What the exercise asks: Please give back word for word the lines below, from the first one through the one with "The Speedy P9".

Extracted records
┌──
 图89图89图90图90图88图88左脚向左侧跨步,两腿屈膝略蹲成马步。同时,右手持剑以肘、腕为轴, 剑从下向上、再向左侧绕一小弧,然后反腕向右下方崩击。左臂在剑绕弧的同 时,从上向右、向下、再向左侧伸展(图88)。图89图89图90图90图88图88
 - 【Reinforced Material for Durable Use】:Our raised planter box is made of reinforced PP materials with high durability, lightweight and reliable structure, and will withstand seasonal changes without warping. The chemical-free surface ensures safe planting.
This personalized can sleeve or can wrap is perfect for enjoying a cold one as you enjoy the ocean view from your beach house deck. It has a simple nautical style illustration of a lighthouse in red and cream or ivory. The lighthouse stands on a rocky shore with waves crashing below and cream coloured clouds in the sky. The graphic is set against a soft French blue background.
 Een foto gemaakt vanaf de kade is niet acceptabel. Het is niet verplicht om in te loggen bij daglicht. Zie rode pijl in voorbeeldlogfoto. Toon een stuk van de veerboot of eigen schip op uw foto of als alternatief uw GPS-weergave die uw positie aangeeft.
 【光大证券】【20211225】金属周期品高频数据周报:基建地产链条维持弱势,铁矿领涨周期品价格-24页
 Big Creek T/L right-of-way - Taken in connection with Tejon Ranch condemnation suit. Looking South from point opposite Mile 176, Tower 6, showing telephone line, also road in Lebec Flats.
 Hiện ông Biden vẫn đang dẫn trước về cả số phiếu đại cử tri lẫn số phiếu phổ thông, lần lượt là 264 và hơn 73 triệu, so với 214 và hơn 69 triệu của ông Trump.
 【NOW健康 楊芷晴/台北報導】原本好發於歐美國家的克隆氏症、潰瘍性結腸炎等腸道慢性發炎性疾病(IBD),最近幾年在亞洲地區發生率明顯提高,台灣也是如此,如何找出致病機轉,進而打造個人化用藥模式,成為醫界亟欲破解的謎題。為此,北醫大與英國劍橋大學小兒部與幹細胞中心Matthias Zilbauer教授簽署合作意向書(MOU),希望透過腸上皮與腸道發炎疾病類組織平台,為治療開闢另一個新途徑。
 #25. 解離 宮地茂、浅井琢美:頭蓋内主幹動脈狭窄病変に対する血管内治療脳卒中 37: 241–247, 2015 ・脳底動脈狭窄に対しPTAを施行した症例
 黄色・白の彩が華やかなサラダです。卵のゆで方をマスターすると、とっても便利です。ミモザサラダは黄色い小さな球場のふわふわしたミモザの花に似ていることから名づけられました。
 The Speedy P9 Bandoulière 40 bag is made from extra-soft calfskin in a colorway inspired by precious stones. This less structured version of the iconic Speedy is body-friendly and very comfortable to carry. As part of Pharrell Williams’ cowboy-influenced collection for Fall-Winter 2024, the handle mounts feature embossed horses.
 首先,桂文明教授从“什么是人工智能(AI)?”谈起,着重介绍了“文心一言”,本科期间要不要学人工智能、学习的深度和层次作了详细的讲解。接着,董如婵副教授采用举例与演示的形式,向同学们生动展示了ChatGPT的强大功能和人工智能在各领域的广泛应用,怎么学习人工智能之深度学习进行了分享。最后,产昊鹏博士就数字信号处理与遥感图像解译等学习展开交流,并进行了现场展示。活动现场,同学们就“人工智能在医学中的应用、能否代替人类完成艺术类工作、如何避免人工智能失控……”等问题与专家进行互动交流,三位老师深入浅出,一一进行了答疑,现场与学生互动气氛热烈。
└──
Exercise result:
 图89图89图90图90图88图88左脚向左侧跨步,两腿屈膝略蹲成马步。同时,右手持剑以肘、腕为轴, 剑从下向上、再向左侧绕一小弧,然后反腕向右下方崩击。左臂在剑绕弧的同 时,从上向右、向下、再向左侧伸展(图88)。图89图89图90图90图88图88
 - 【Reinforced Material for Durable Use】:Our raised planter box is made of reinforced PP materials with high durability, lightweight and reliable structure, and will withstand seasonal changes without warping. The chemical-free surface ensures safe planting.
This personalized can sleeve or can wrap is perfect for enjoying a cold one as you enjoy the ocean view from your beach house deck. It has a simple nautical style illustration of a lighthouse in red and cream or ivory. The lighthouse stands on a rocky shore with waves crashing below and cream coloured clouds in the sky. The graphic is set against a soft French blue background.
 Een foto gemaakt vanaf de kade is niet acceptabel. Het is niet verplicht om in te loggen bij daglicht. Zie rode pijl in voorbeeldlogfoto. Toon een stuk van de veerboot of eigen schip op uw foto of als alternatief uw GPS-weergave die uw positie aangeeft.
 【光大证券】【20211225】金属周期品高频数据周报:基建地产链条维持弱势,铁矿领涨周期品价格-24页
 Big Creek T/L right-of-way - Taken in connection with Tejon Ranch condemnation suit. Looking South from point opposite Mile 176, Tower 6, showing telephone line, also road in Lebec Flats.
 Hiện ông Biden vẫn đang dẫn trước về cả số phiếu đại cử tri lẫn số phiếu phổ thông, lần lượt là 264 và hơn 73 triệu, so với 214 và hơn 69 triệu của ông Trump.
 【NOW健康 楊芷晴/台北報導】原本好發於歐美國家的克隆氏症、潰瘍性結腸炎等腸道慢性發炎性疾病(IBD),最近幾年在亞洲地區發生率明顯提高,台灣也是如此,如何找出致病機轉,進而打造個人化用藥模式,成為醫界亟欲破解的謎題。為此,北醫大與英國劍橋大學小兒部與幹細胞中心Matthias Zilbauer教授簽署合作意向書(MOU),希望透過腸上皮與腸道發炎疾病類組織平台,為治療開闢另一個新途徑。
 #25. 解離 宮地茂、浅井琢美:頭蓋内主幹動脈狭窄病変に対する血管内治療脳卒中 37: 241–247, 2015 ・脳底動脈狭窄に対しPTAを施行した症例
 黄色・白の彩が華やかなサラダです。卵のゆで方をマスターすると、とっても便利です。ミモザサラダは黄色い小さな球場のふわふわしたミモザの花に似ていることから名づけられました。
 The Speedy P9 Bandoulière 40 bag is made from extra-soft calfskin in a colorway inspired by precious stones. This less structured version of the iconic Speedy is body-friendly and very comfortable to carry. As part of Pharrell Williams’ cowboy-influenced collection for Fall-Winter 2024, the handle mounts feature embossed horses.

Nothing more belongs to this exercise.